**Task to carry out**
Leave out all pictures while you copy the lines exactly from the one with "Los chicos llegan bien abrigados al colegio." through the last line of the listing.

**Data**
****************************************
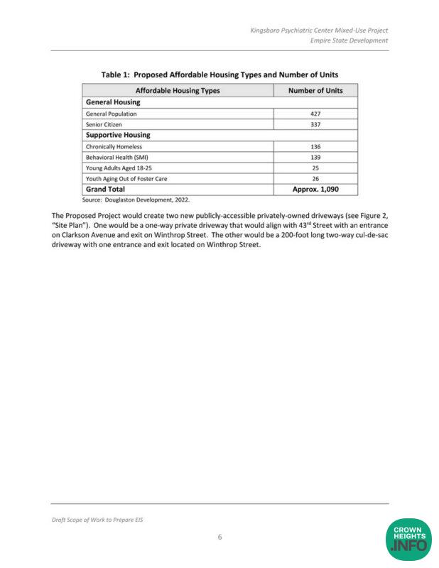 New Homeless Dumping – As per NYS ESD’s Draft Scope, 681 Clarkson aka Kingsboro will have 326 units of new supportive housing units for the formerly homeless or homeless. The two old existing homeless shelters will be rebuilt and contain 364 beds. Add them up, and you have at least 690 homeless beds, or four homeless facilities on just the east side of Albany and Clarkson.[i] [ii] There will be open entrances to 681 Clarkson Ave from Winthrop, not just Clarkson.
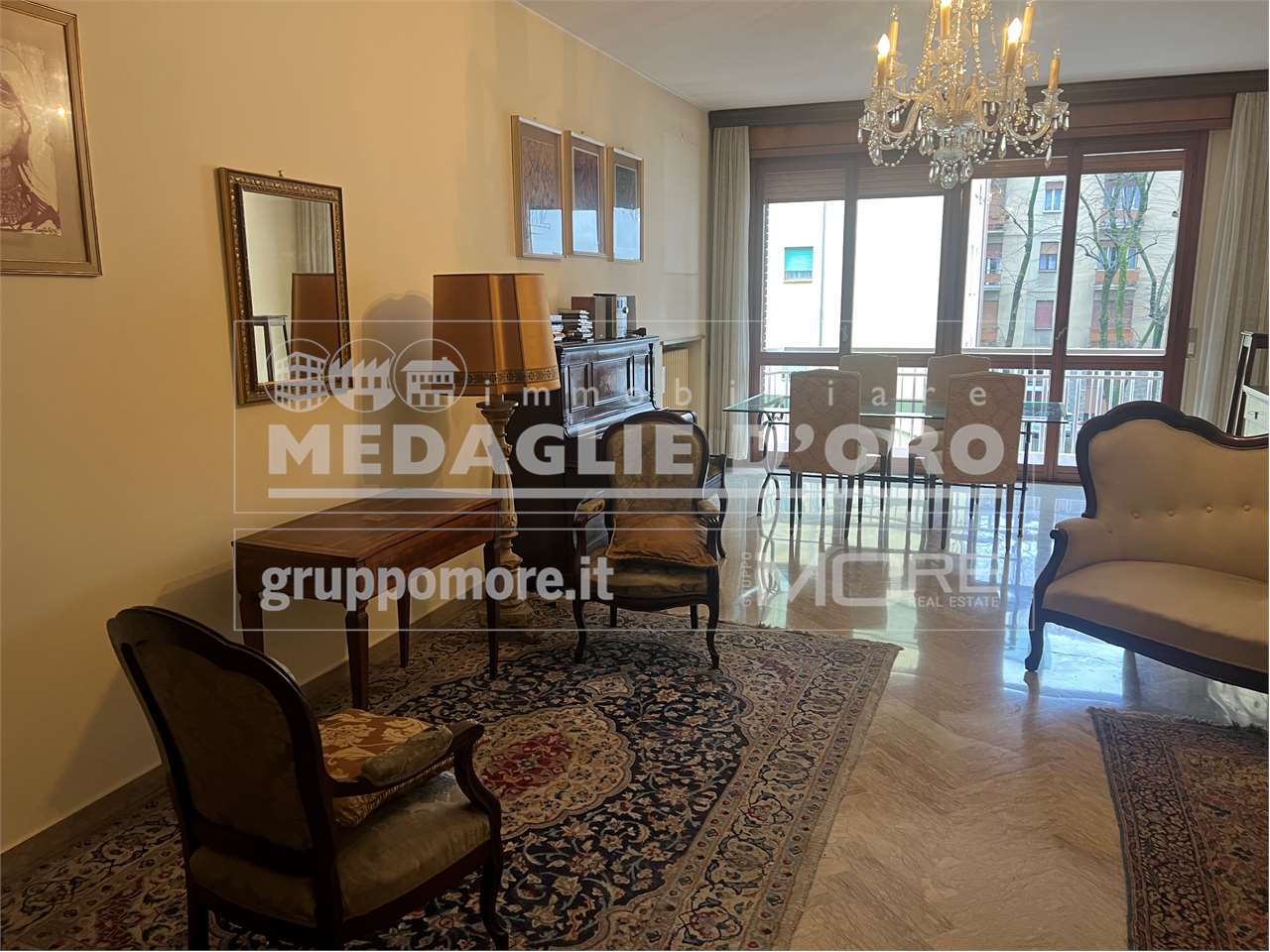 VX2888 - In zona strategica, e più precisamente tra Viale Tassoni / Piazzale Risorgimento in posizione MOLTO TRANQUILLA e comoda al centro storico, vendesi appartamento di 119 mq comm.li posto al piano 4° (con ascensore) composto da: ingresso, salotto, sala da pranzo con balcone, cucinotto, disimpegno notte, 2 camere, 1 bagno. Al piano interrato una cantina e un garage per auto medio/piccola. Riscaldamento e acqua calda centralizzati con contacalorie, 1 motore per aria condizionata con pompa di calore sul balcone e 4 split interni (uno per ogni stanza). INTERNAMENTE: è stato ristrutturato completamente nel 2023, rifatto cucinotto, bagno, impianto idraulico e impianto elettrico, infissi con vetrocamera e zanzariere, cartongesso a soffitto con faretti e passaggio tubi aria condizionata. Sono rimasti solo i pavimenti originali nella zona giorno ma levigati, mentre nelle camere sono nuovi. ESTERNAMENTE: Le facciate sono appena state rifatte (2025), compreso i balconi, i pavimenti dei balconi e i parapetti, per un importo di € 15.000 già interamente pagati e hanno risistemato sistemazione l'area cortiliva. ARREDI l'immobile può essere lasciato completamente arredato CONSEGNA l'appartamento può essere consegnato in pochissimo tempo
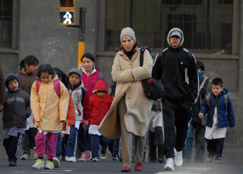 Los chicos llegan bien abrigados al colegio.
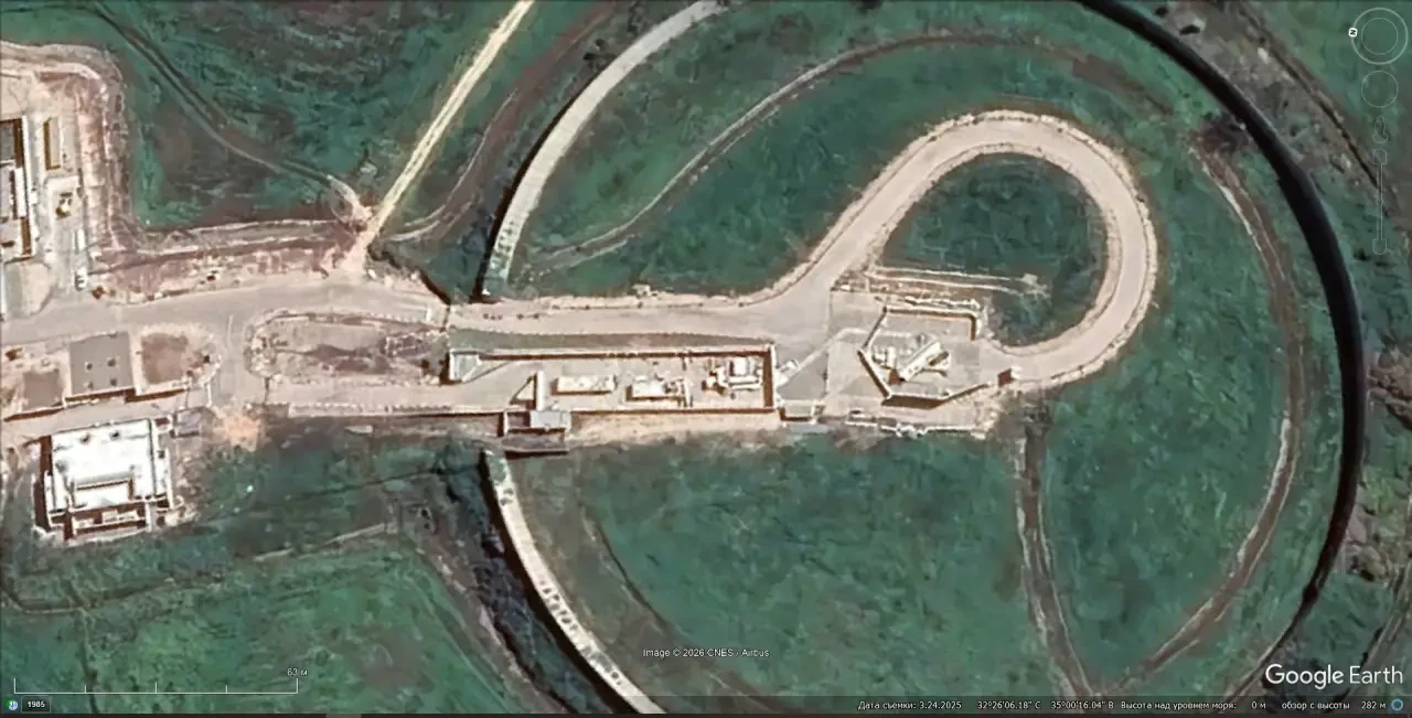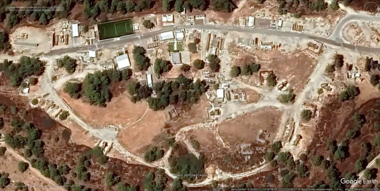 Cпутниковый cнимoк Googlе Еаrth: элементы системы Iron Dome на территории Военного училища противовоздушной обороны Бисла. Снимок сделан в ноябре 2024 года
****************************************
**Task result**
 Los chicos llegan bien abrigados al colegio.
 Cпутниковый cнимoк Googlе Еаrth: элементы системы Iron Dome на территории Военного училища противовоздушной обороны Бисла. Снимок сделан в ноябре 2024 года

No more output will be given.